There is little doubt that having a good relationship to alcohol across the year is better than opting for an alcohol free month. However, given that lots of people struggle with this, is giving up alcohol for a month worth it?

Research looking at the impact of Dry January looks pretty promising. In 2014 a study by the University of Sussex found 72% of those taking part sustained the reduced levels of harmful drinking (above recommended limits) 6 months after completing a month alcohol free. Another study which looked at the impact of Dry January on on moderate drinkers (people drinking around the levels of recommended limits), showed improvements in various areas including concentration and sleep patterns, as well as reduced cholesterol and lower glucose levels, lower blood pressure, weight loss overall, and losing 40% of their liver fat.

Whatever your thoughts, any attempt to improve your relationship with alcohol should be applauded!

But.... we know that changing habits is not easy! If you are doing Dry January or just trying to moderate your relationship to alcohol, here are some tips to improve the likelihood of success:

  • Focus on why you are making changes- imagine what it will feel like to achieve your goals. Why is it important to you?

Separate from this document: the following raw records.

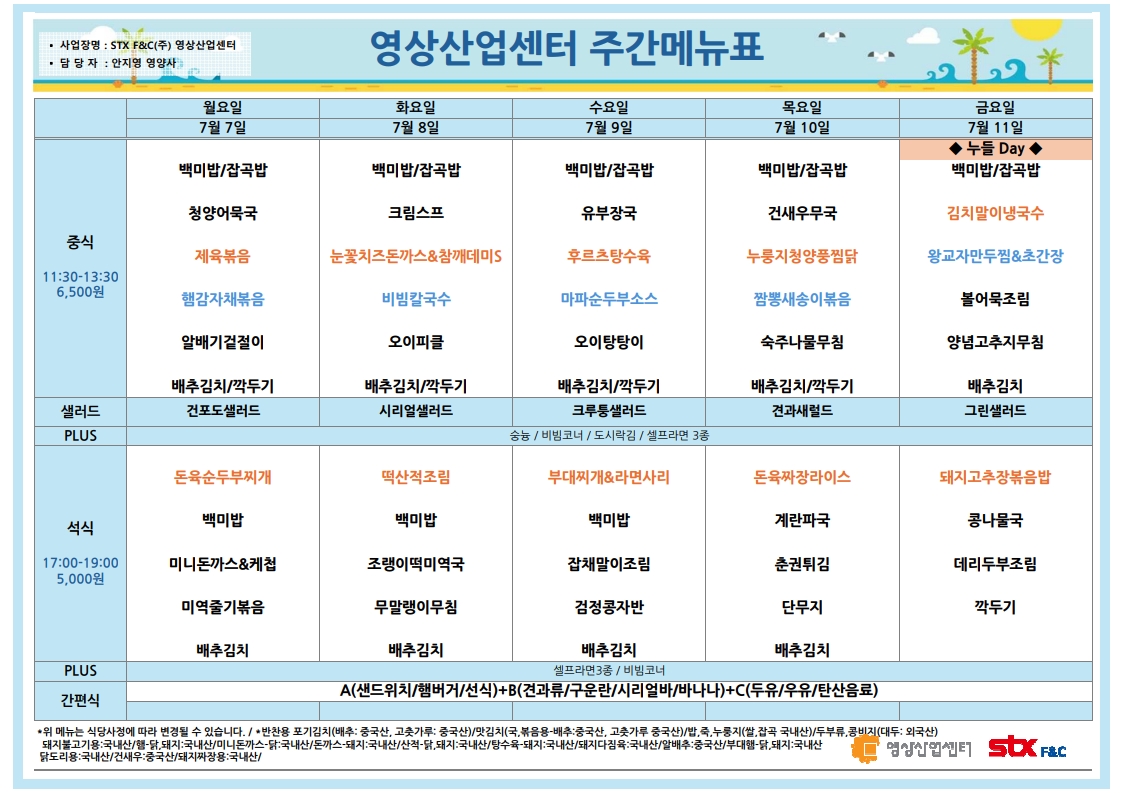 1. 영상산업센터 7월 둘째주 주간 메뉴표
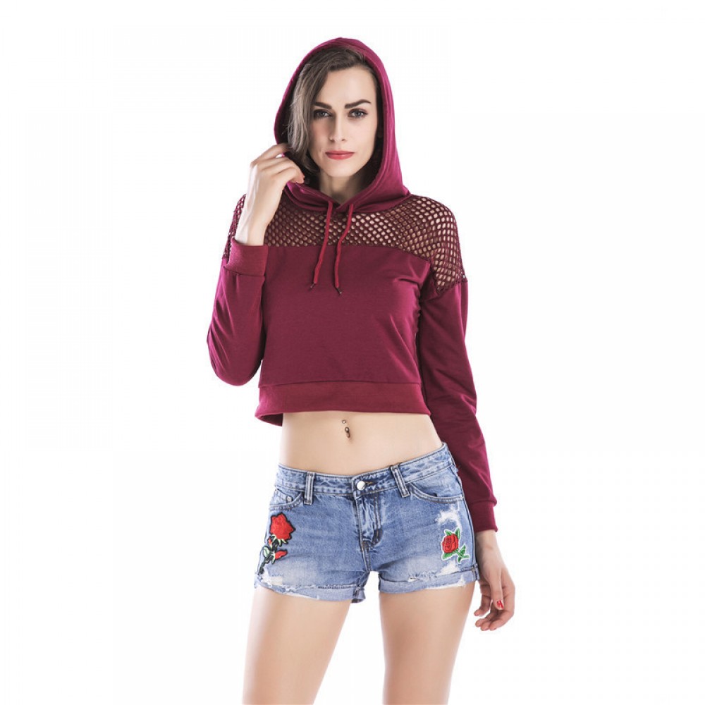 Spring new casual loose short section long sleeve loose hooded gauze short sweater T-shirt female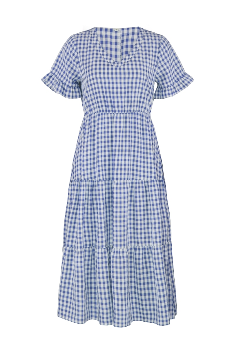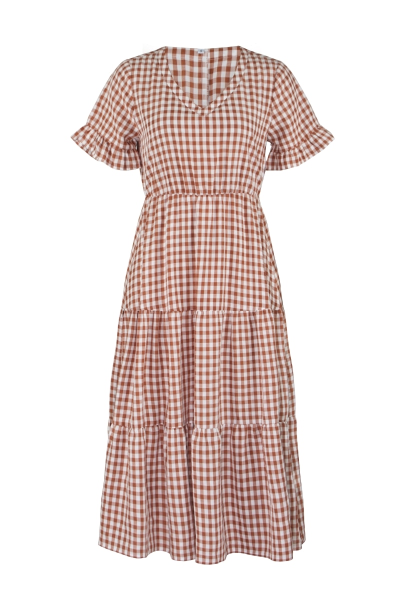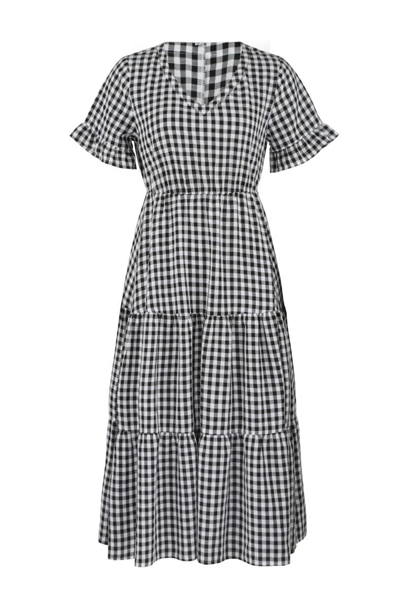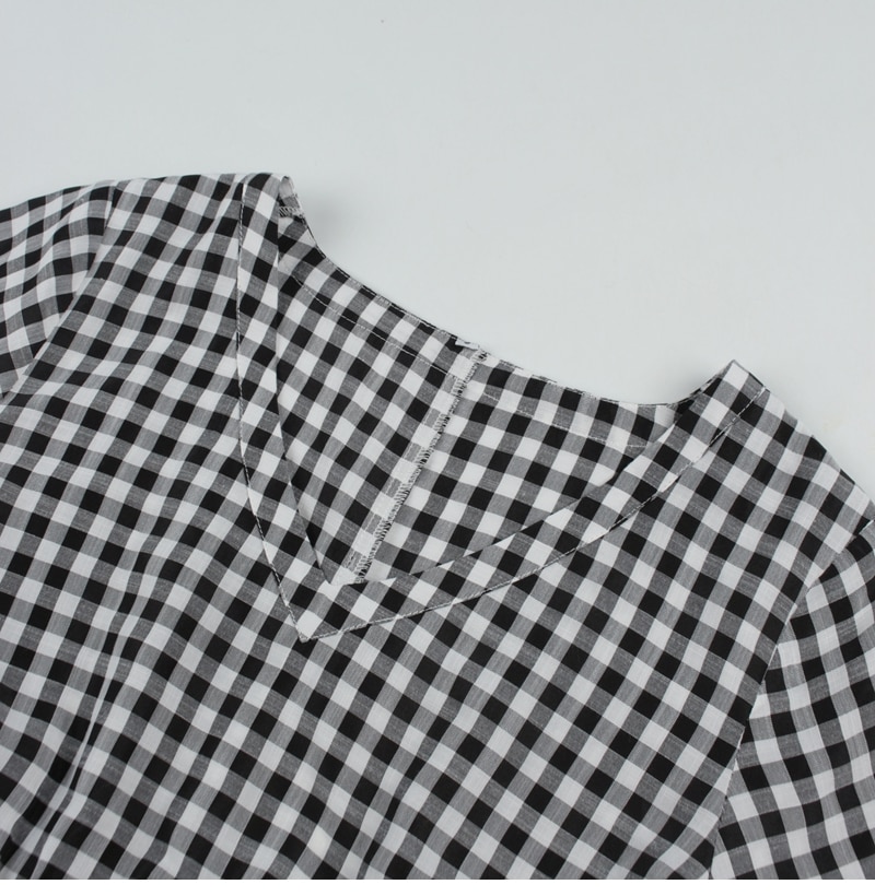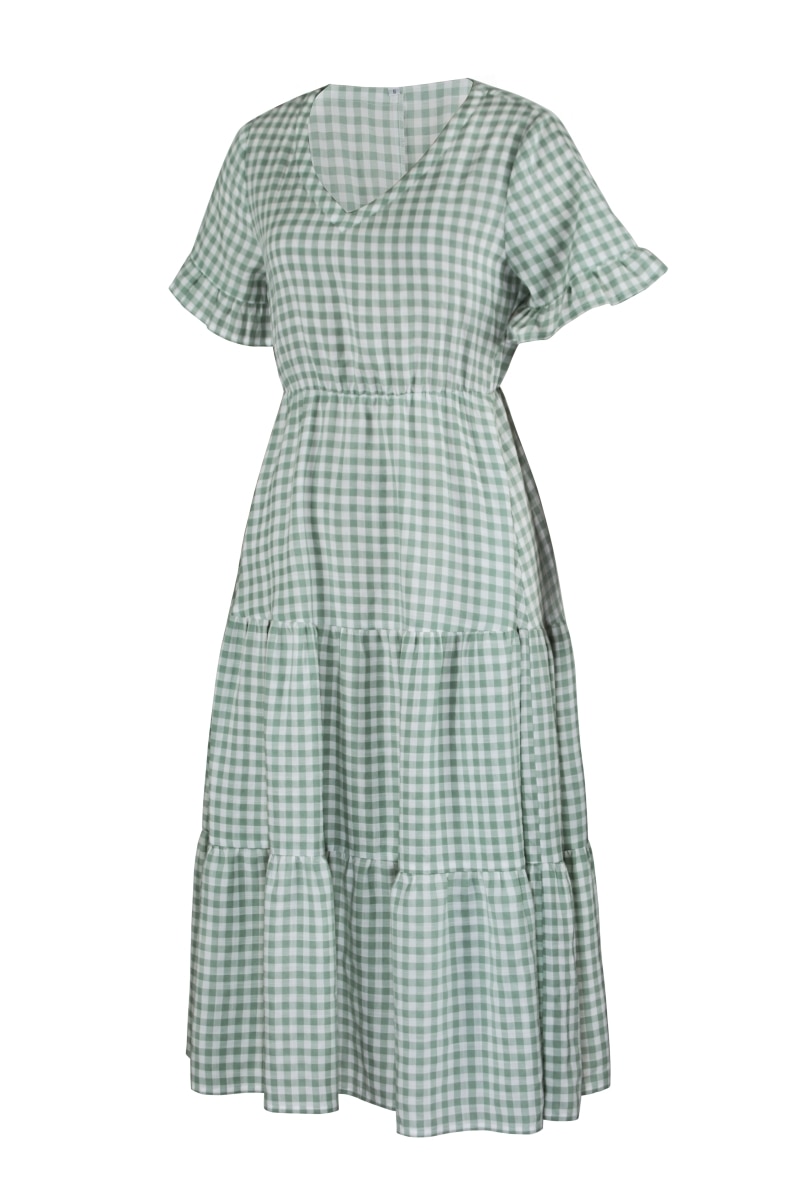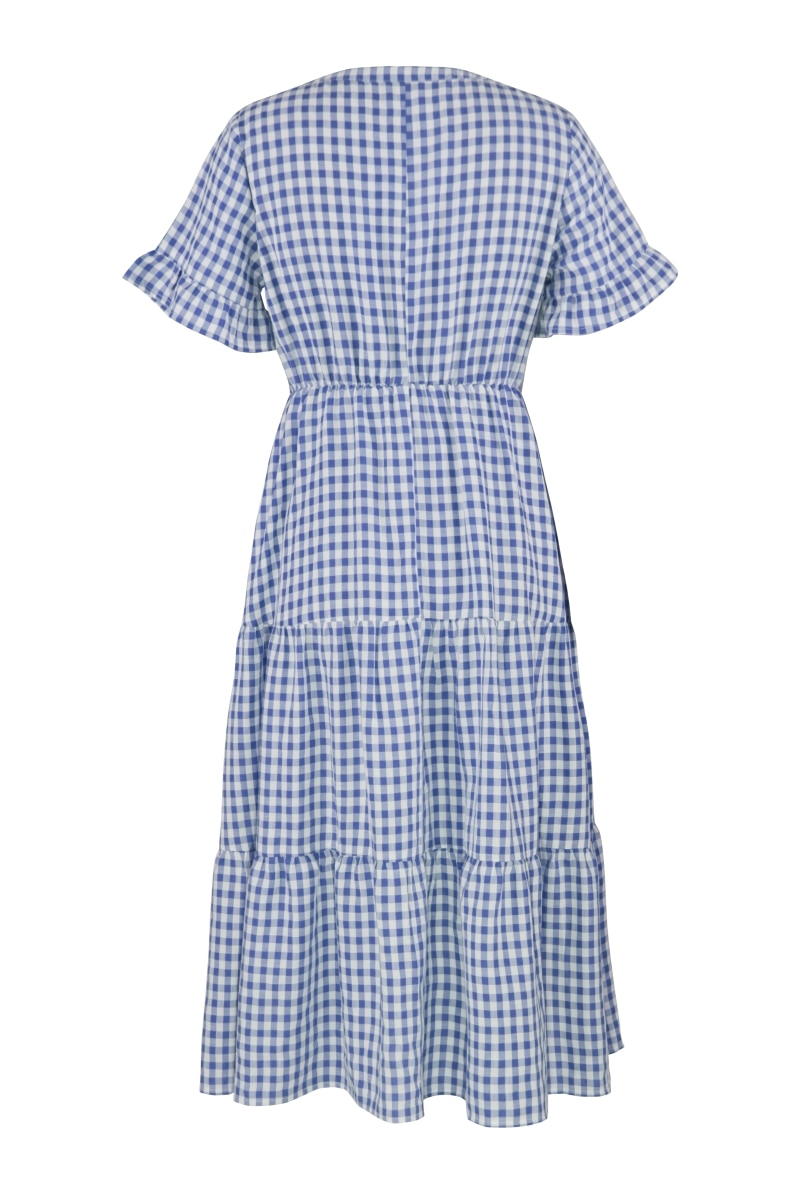 Spring Summer Plaid Casual Long Dress Women V Neck Slim High Waist Ladies A Line Party Maxi Dress

  • Be practical and realistic with your goals. Celebrate every achievement along the way - not just the end goal.

  • Try to pre-empt challenges that might get in the way and make a plan to problem-solve them.

  • Notice what beliefs might be getting in your way like “I won’t be able to have fun if I don’t drink”. Recognise these are just thoughts -something you have been told or something you tell yourself- nothing more.

  • When you are struggling, give yourself encouragement. Accept that it is inevitable that you will struggle at times -remind yourself that this is temporary and won’t last. Reach out if you need support. Below is a list of organisations that can help.

Drinkaware: confidential helpline for anyone who is concerned about their drinking, or someone else's 0300 123 1110

We are with you (formerly Addaction): UK wide agency supporting anyone with alcohol-related issues 0808 8010750

Alcohol anonymous (AA), supporting individuals with addiction. 0800 9177650

Al-ANON: helping family and friends affected by someone else’s drinking 0800 008 6811


[1] Alcohol Concern Academic research reveals Dry January leads to less drinking all year round.

[3] Institute of Alcohol Studies. Alcohol and Mental Health. 2004. Cambs, Institute of Alcohol Studies

[4] Mental Health Foundation (2006). Cheers? Understanding the relationship between alcohol and mental health. Online.

[5] Office for National Statistics (2018). Adult drinking habits in Great Britain: 2017.

[6] Royal Free London. NHS Foundation Trust Dry January results “staggering”.